The type of natural frac sand located on the Minnesota property is commonly referred to as Northern White or Jordon Sandstone. The extensive third party geological testing and “small plant simulation” testing indicates that the concentration of “coarse sand material” located in this mineral, is among the highest in the industry. This coarse material is used extensively in oil and liquid gas unconventional shale areas in the United States, particularly those areas known as the Bakken, Eagle Ford, Permian and Utica shale gas plays. In order to develop the Minnesota Project property and to meet growing demand for coarse frac sand, the Company’s development plan includes building a 2.4 million ton sand processing facility on the Owners property, along with the associated infrastructure for shipping. The frac sand product processed from this facility will be delivered via rail, water and road transportation. The location of the property contains an existing rail line which bi-sects the property and is readily accessible by major roads.

CONROE MINERAL LEASE - In addition to the Minnesota Project described above, which contains mineral content suited for oil and liquid gas production, the Company currently has a mineral lease on a 350 acre site located in Conroe, Texas that contains approximately 41 million tons of aggregates, including industrial sand and gravel and a portion of which is desirable for certain types of oil and gas fracturing, or “fracing”. The Company has completed geological sampling and continues to evaluate the best use of the minerals.   

The Company has commenced the process of raising the significant capital requirements necessary to execute on its business model. The Company anticipates raising the necessary capital from all or a combination of the following sources: a) construction financing from a variety of third parties, including the current owners of the property that are the subject of the lease;
 
 
10

 

b) public or private debt and/or equity financing; c) pre-payments from customers for the sale of frac sand ; d) strategic partners who may also provide a variety of services, including logistics management, product transportation and distribution ; and e) the sale of assets, including those of CGNA. There can be no assurance that the Company will be successful in raising the significant capital required to continue its operations.  The Company intends to direct all capital raised for the development and construction of the Minnesota Project.

DISCONTINUED OPERATIONS

During 2011, we acquired CGNA. The CGNA assets that we acquired under the Acquisition Agreement for stock include numerous patents pending many of which are in the “pending” state, an operating tire recycling plant and license agreements for a method of recycling 100% of scrap tires with a near zero carbon footprint (the “Carbon Green System”).  All of the patents pending are outside the United States covering 46 countries.  In December 2011, Company management made the decision to sell CGNA.  As a result of this decision, the Company recorded a write-down of the book value of CGNA assets to the estimated fair value less cost to sale.  The operations of CGNA are presented in the accompanying condensed consolidated financial statements as “Discontinued Operations.”

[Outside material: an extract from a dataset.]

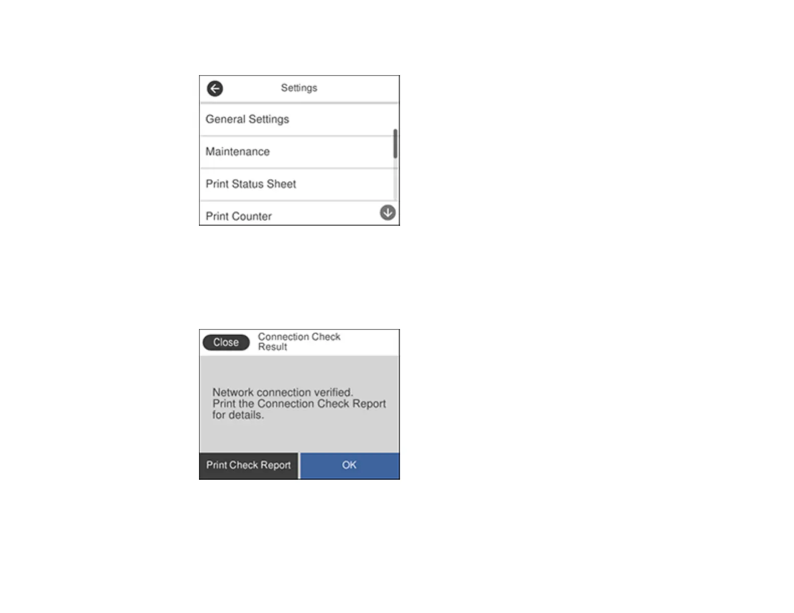 7. Select Print Check Report to print the network connection report.

As a result of the decision to sell CGNA, the value of continuing the operations of Hunt BioSolutions diminished significantly.  In December 2011, Company management made the decision to shut down the operation of this subsidiary.  As a result of this decision, the Company recorded a write-down of the book value of its biofuels assets. The operations of Hunt BioSolutions are presented in the accompanying condensed consolidated financial statements as “Discontinued Operations.” The Company also executed a Rescission Agreement as discussed in Note 5 to the Condensed Consolidated Financial Statement included in this Form 10-Q.

RESULTS OF CONTINUING OPERATIONS

For the Three Months Ended March 31, 2012 Compared to the Three Months Ended March 31, 2011

During the three months ended March 31, 2012, we incurred $6.3 million in selling and general administrative expenses compared to $1.6 million during the three months ended March 31, 2011. The increase of $4.7 million was a result of share based compensation expenses associated with the issuance of 8.5 million shares of common stock upon execution of employment agreements with two new members of management of the Company ($4.2 million), increased compensation expenses associated with new management personnel, continued investment in developing the Minnesota frac sand deposit and additional accounting expenses.  Cash expenditures were comparable for the quarters ended March 31, 2012 and 2011.

During the three months ended March 31, 2012, we incurred $947,535 in interest expenses compared to $196,821 during the three months ended March 31, 2011. The increase of $750,714 was a result of the issuance of additional debt in 2011 and 2012 and increased accretion of debt discounts associated with certain debt issuances.  Of the increase, $478,998 was attributable to non-cash accretion of debt discount.

During the three months ended March 31, 2011, other expenses of $7.0 million were recorded as a result of the following:

 
·
Issuance of 980,000 shares of common stock with a value of $3.1 million and warrants for 490,000 shares of common stock with a value of $1.3 million to settle $490,000 of notes payable, resulting in a loss of $4.0 million.
 
·
Issuance of 897,630 shares of common stock with a value of $2.8 million to settle claims against the company for anti-dilution privileges related to debt previously retired.

We did not incur any similar expenses during the three months ended March 31, 2012.

LIQUIDITY AND CAPITAL RESOURCES

At March 31, 2012, we had a working capital deficit of $13.6 million. We raised approximately $3.0 million in cash from the sale of  Secured Notes during the quarter, which together with any additional short term capital we may raise, will fund day to day operations and ongoing development expenses of our Minnesota Project through the end of the second quarter of 2012.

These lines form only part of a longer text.